- What you should do
In your copy of the listing below, reproduce each word exactly and include no pictures.
*** Opening Exercise material ***
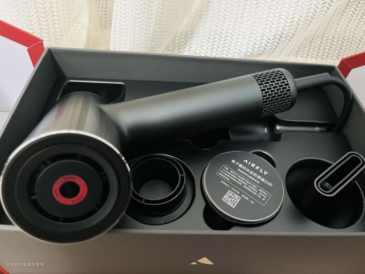 俗话说,头发是人的第二张脸,可见头发的重要性,所以我们要好好养护它。护好发有两大作用: 一、保护头皮 头皮作为头发提供营养的加油站,只有护发做到位了,才能保证头皮处于一个健康的状态给予头发养分。 二、增强美感 有的人追求头发的柔顺和健康,有的人追求头发黝黑发亮。这都是为了满足自己对美的追求,头发对整体的美感也是至关重要的。 如果你用便宜的传统的吹风机护发,那很有可能是智商税。因为便宜的传统的吹风机一般都存在吹风效率低下、风力不足的情况,想要弄干头发,只能靠发热片把水分烤干,对头发的损伤很严重,那护发就无从谈起了。吹风机可以通过很多种方式护发,比如负离子电吹风主要是内装了一个负离子发生器和一个半导体制冷装置,产生带负电的离子微粒和水蒸气粒子,中和头发中常有的正电荷,从而抚平乱发,使其贴服顺滑,还可以消除静电。除此之外,还有通过智能恒温或智能恒温+负离子的方式护发。所以用便宜的传统的吹风机护发是智商税。 其实越来越多的广大女性,特别是25-35岁之间的女性,都充分意识到护发的重要性,但市面上在护发这块做的很好的吹风机特别少。前段时间听一个关系很好的女性朋友说“AIRFLY鱼子酱体感吹风机在护发这块做的很不错的啊。”我一个专注于个人护理电子产品的博主一听就马上来了兴趣,第一时间买了下来,看是不是真的不错。 接下来我评价评价AIRFLY鱼子酱体感吹风机。 首先,先聊聊AIRFLY这个品牌。据我了解,AIRFLY是主打专业奢护的品牌。以成分养护为产品设计理念,打造精准快速、简单高效、多效合一的专业美容护理工具,并创新许多领先行业的专利技术,如双风道设计、柔风嘴设计等。
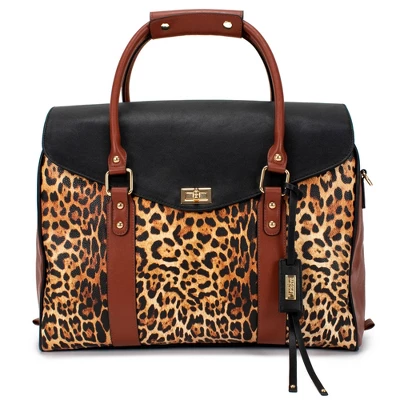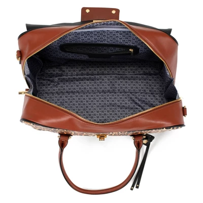 Combine fashion and functionality with this faux leather weekender bag. The Leopard weekender is a cabin-friendly medium-sized bag, a spacious main compartment and zip-top closure. The exterior has one rear zippered pocket with a removable shoulder strap. The interior has a monogram lining with pockets to organize small items.
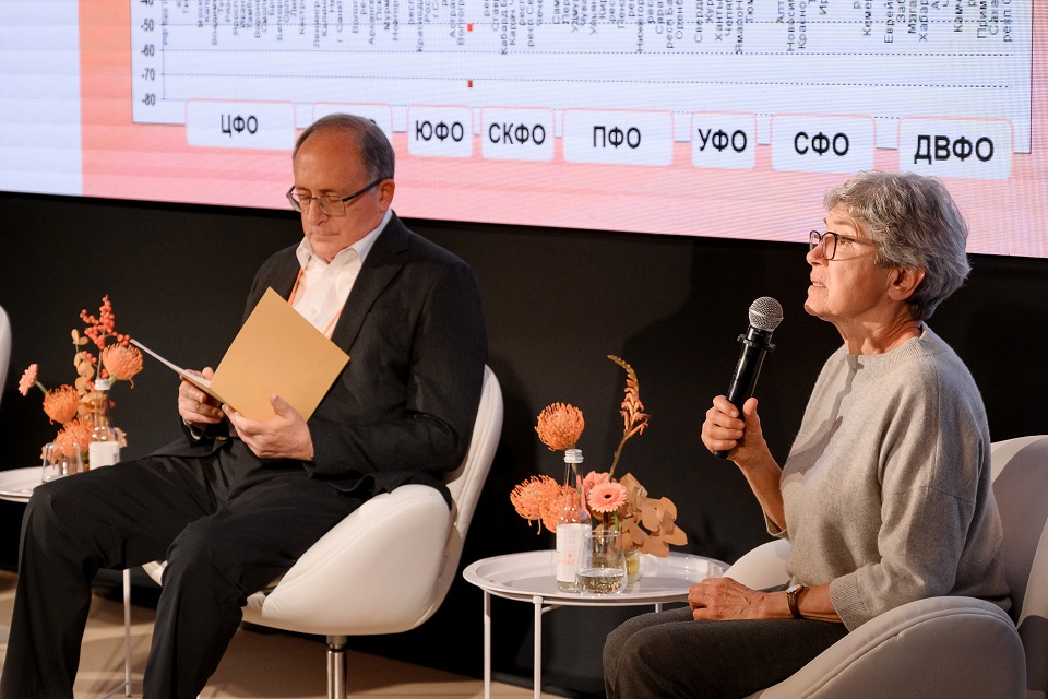 Уже в первый день эксперты задали тон разговору. Встреча с доктором географических наук, профессором МГУ имени М.В. Ломоносова, главным научным сотрудником Института социальной политики НИУ ВШЭ Натальей Зубаревич и вице-президентом НИУ ВШЭ, научным руководителем Центра исследований гражданского общества и некоммерческого сектора Львом Якобсоном была посвящена тому, как меняется конфигурация поддержки в регионах и какую роль в этих процессах играет доверие к некоммерческому сектору. По словам Зубаревич, даже в условиях замедления экономики крупные компании в моногородах продолжают финансировать культурные и спортивные программы для жителей, хотя такие инициативы по-прежнему носят локальный характер. Якобсон охарактеризовал сегодняшнюю филантропию как «скорее защитную, чем наступательную»: помощь направляется туда, где нужно поддержать базовую устойчивость, а не устранить системные пробелы.
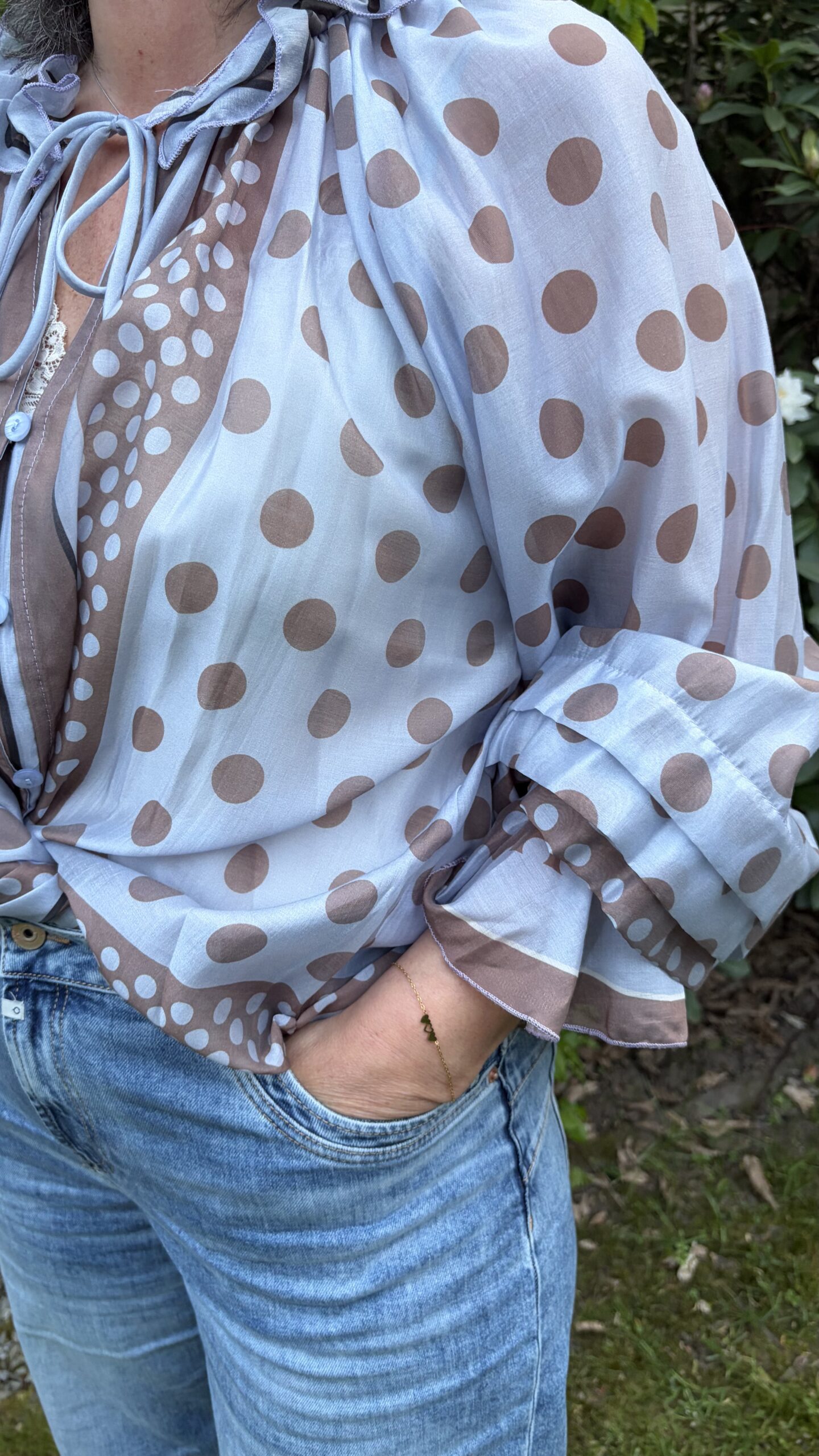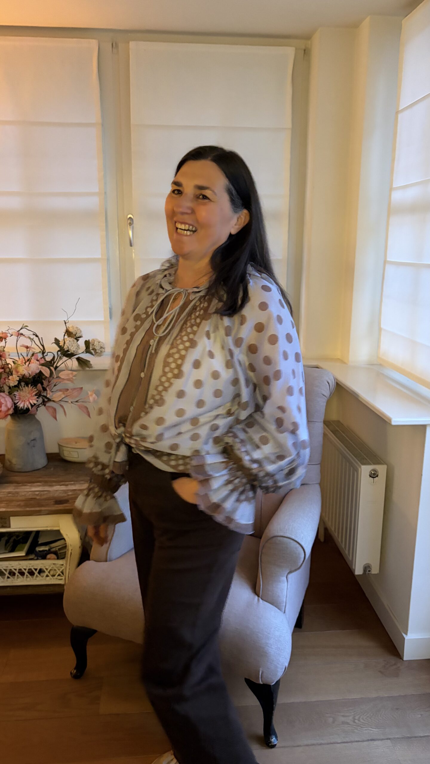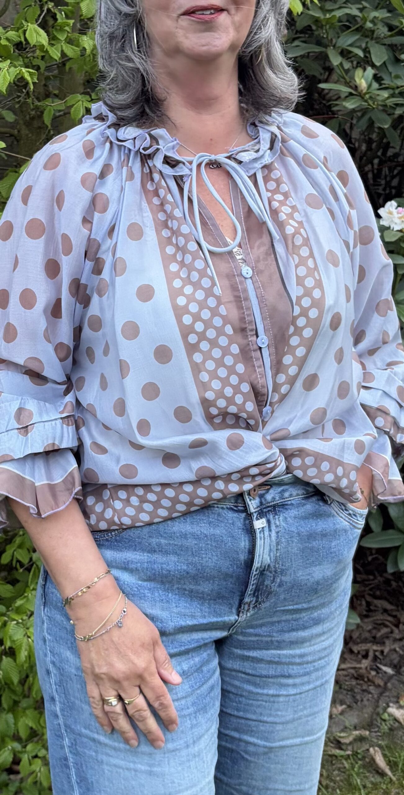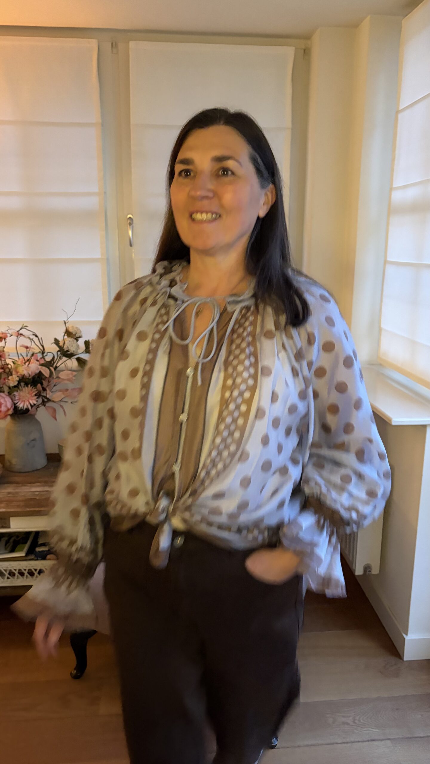 Omschrijving: Blouse met lange brede mouw elastiek met uitlopende boord, recht model met knopen
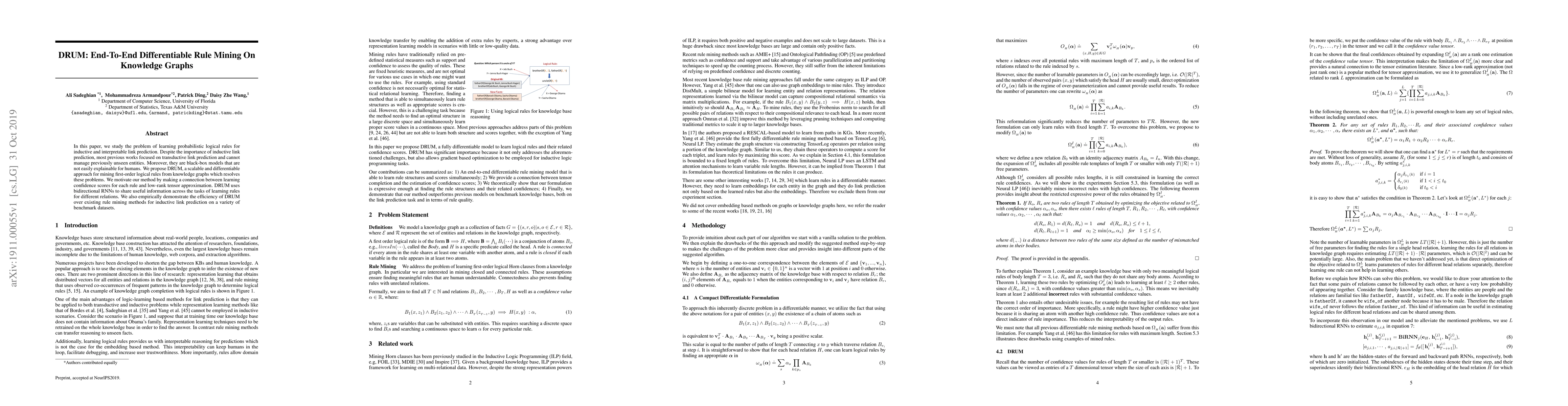 DRUM is a scalable, differentiable approach for mining interpretable logical rules from knowledge graphs for inductive link prediction. It leverages bidirectional RNNs and connects rule learning to low-rank tensor approximation, outperforming existing methods in efficiency and interpretability.
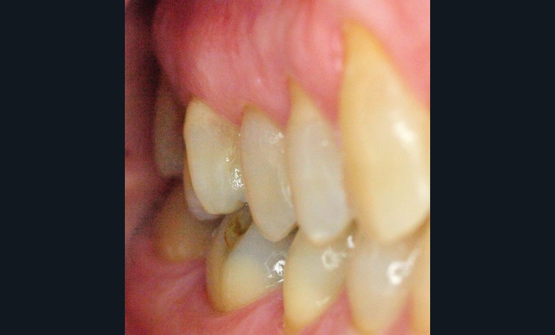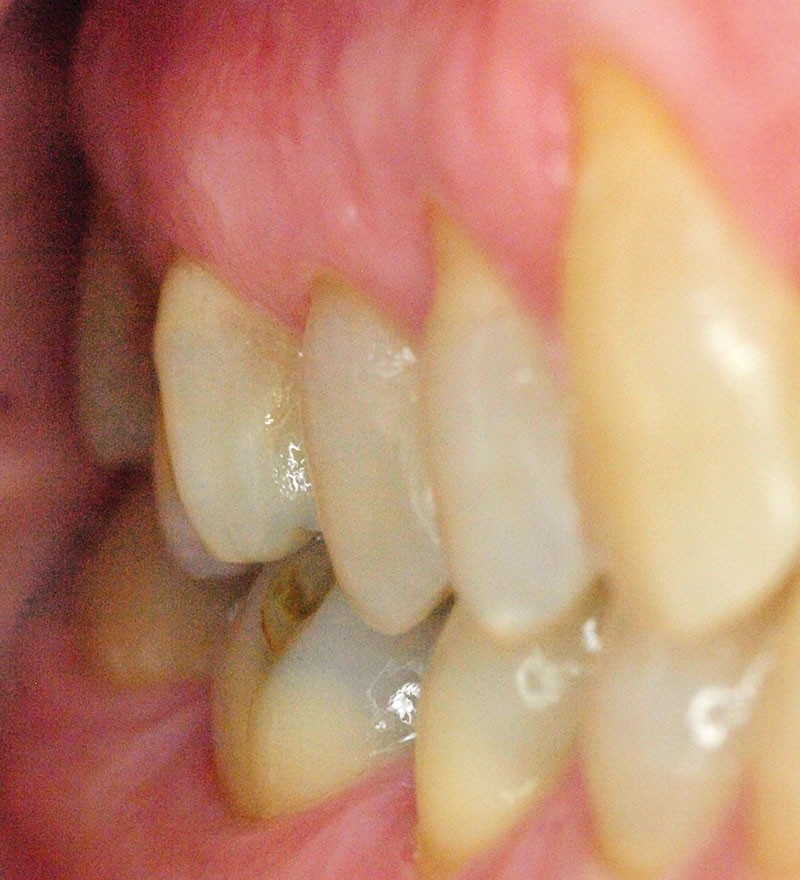 Ce jour-là, aucun diagnostic précis n’est posé concernant cette perception douloureuse. Aussi, nous proposons à la patiente de réévaluer cette sensibilité en fonction de son évolution, et au plus tard sous six mois. Lors de cette consultation de réévaluation, la patiente se présente avec la même doléance, majorée de quelques signes : la douleur, toujours furtive, est plus régulièrement présente, augmentée en puissance (nous n’avons malheureusement pas noté d’échelle d’évaluation douloureuse comparative), mais également déclenchée par la pression dento-dentaire (sans présence d’aliment). En complément, la patiente confirme que cette douleur est plus importante lors de la dépression, du relâché de l’occlusion que lors de la pression [2]. Comme six mois auparavant, la patiente présente un bon état de santé général, n’a ni rhume ni sinusite. L’anamnèse est donc complétée et, grâce à un protocole rigoureux [3], elle nous permet de découvrir aussi des céphalées, des douleurs musculaires et cervicales récurrentes malgré l’intervention d’un ostéopathe. En poussant plus loin l’échange, la patiente déclare une très importante période de stress depuis neuf mois, et nous mettons en évidence une attitude de contacts…
*** Closing Exercise material ***
- Output for this exercise
 俗话说,头发是人的第二张脸,可见头发的重要性,所以我们要好好养护它。护好发有两大作用: 一、保护头皮 头皮作为头发提供营养的加油站,只有护发做到位了,才能保证头皮处于一个健康的状态给予头发养分。 二、增强美感 有的人追求头发的柔顺和健康,有的人追求头发黝黑发亮。这都是为了满足自己对美的追求,头发对整体的美感也是至关重要的。 如果你用便宜的传统的吹风机护发,那很有可能是智商税。因为便宜的传统的吹风机一般都存在吹风效率低下、风力不足的情况,想要弄干头发,只能靠发热片把水分烤干,对头发的损伤很严重,那护发就无从谈起了。吹风机可以通过很多种方式护发,比如负离子电吹风主要是内装了一个负离子发生器和一个半导体制冷装置,产生带负电的离子微粒和水蒸气粒子,中和头发中常有的正电荷,从而抚平乱发,使其贴服顺滑,还可以消除静电。除此之外,还有通过智能恒温或智能恒温+负离子的方式护发。所以用便宜的传统的吹风机护发是智商税。 其实越来越多的广大女性,特别是25-35岁之间的女性,都充分意识到护发的重要性,但市面上在护发这块做的很好的吹风机特别少。前段时间听一个关系很好的女性朋友说“AIRFLY鱼子酱体感吹风机在护发这块做的很不错的啊。”我一个专注于个人护理电子产品的博主一听就马上来了兴趣,第一时间买了下来,看是不是真的不错。 接下来我评价评价AIRFLY鱼子酱体感吹风机。 首先,先聊聊AIRFLY这个品牌。据我了解,AIRFLY是主打专业奢护的品牌。以成分养护为产品设计理念,打造精准快速、简单高效、多效合一的专业美容护理工具,并创新许多领先行业的专利技术,如双风道设计、柔风嘴设计等。
 Combine fashion and functionality with this faux leather weekender bag. The Leopard weekender is a cabin-friendly medium-sized bag, a spacious main compartment and zip-top closure. The exterior has one rear zippered pocket with a removable shoulder strap. The interior has a monogram lining with pockets to organize small items.
 Уже в первый день эксперты задали тон разговору. Встреча с доктором географических наук, профессором МГУ имени М.В. Ломоносова, главным научным сотрудником Института социальной политики НИУ ВШЭ Натальей Зубаревич и вице-президентом НИУ ВШЭ, научным руководителем Центра исследований гражданского общества и некоммерческого сектора Львом Якобсоном была посвящена тому, как меняется конфигурация поддержки в регионах и какую роль в этих процессах играет доверие к некоммерческому сектору. По словам Зубаревич, даже в условиях замедления экономики крупные компании в моногородах продолжают финансировать культурные и спортивные программы для жителей, хотя такие инициативы по-прежнему носят локальный характер. Якобсон охарактеризовал сегодняшнюю филантропию как «скорее защитную, чем наступательную»: помощь направляется туда, где нужно поддержать базовую устойчивость, а не устранить системные пробелы.
 Omschrijving: Blouse met lange brede mouw elastiek met uitlopende boord, recht model met knopen
 DRUM is a scalable, differentiable approach for mining interpretable logical rules from knowledge graphs for inductive link prediction. It leverages bidirectional RNNs and connects rule learning to low-rank tensor approximation, outperforming existing methods in efficiency and interpretability.
 Ce jour-là, aucun diagnostic précis n’est posé concernant cette perception douloureuse. Aussi, nous proposons à la patiente de réévaluer cette sensibilité en fonction de son évolution, et au plus tard sous six mois. Lors de cette consultation de réévaluation, la patiente se présente avec la même doléance, majorée de quelques signes : la douleur, toujours furtive, est plus régulièrement présente, augmentée en puissance (nous n’avons malheureusement pas noté d’échelle d’évaluation douloureuse comparative), mais également déclenchée par la pression dento-dentaire (sans présence d’aliment). En complément, la patiente confirme que cette douleur est plus importante lors de la dépression, du relâché de l’occlusion que lors de la pression [2]. Comme six mois auparavant, la patiente présente un bon état de santé général, n’a ni rhume ni sinusite. L’anamnèse est donc complétée et, grâce à un protocole rigoureux [3], elle nous permet de découvrir aussi des céphalées, des douleurs musculaires et cervicales récurrentes malgré l’intervention d’un ostéopathe. En poussant plus loin l’échange, la patiente déclare une très importante période de stress depuis neuf mois, et nous mettons en évidence une attitude de contacts…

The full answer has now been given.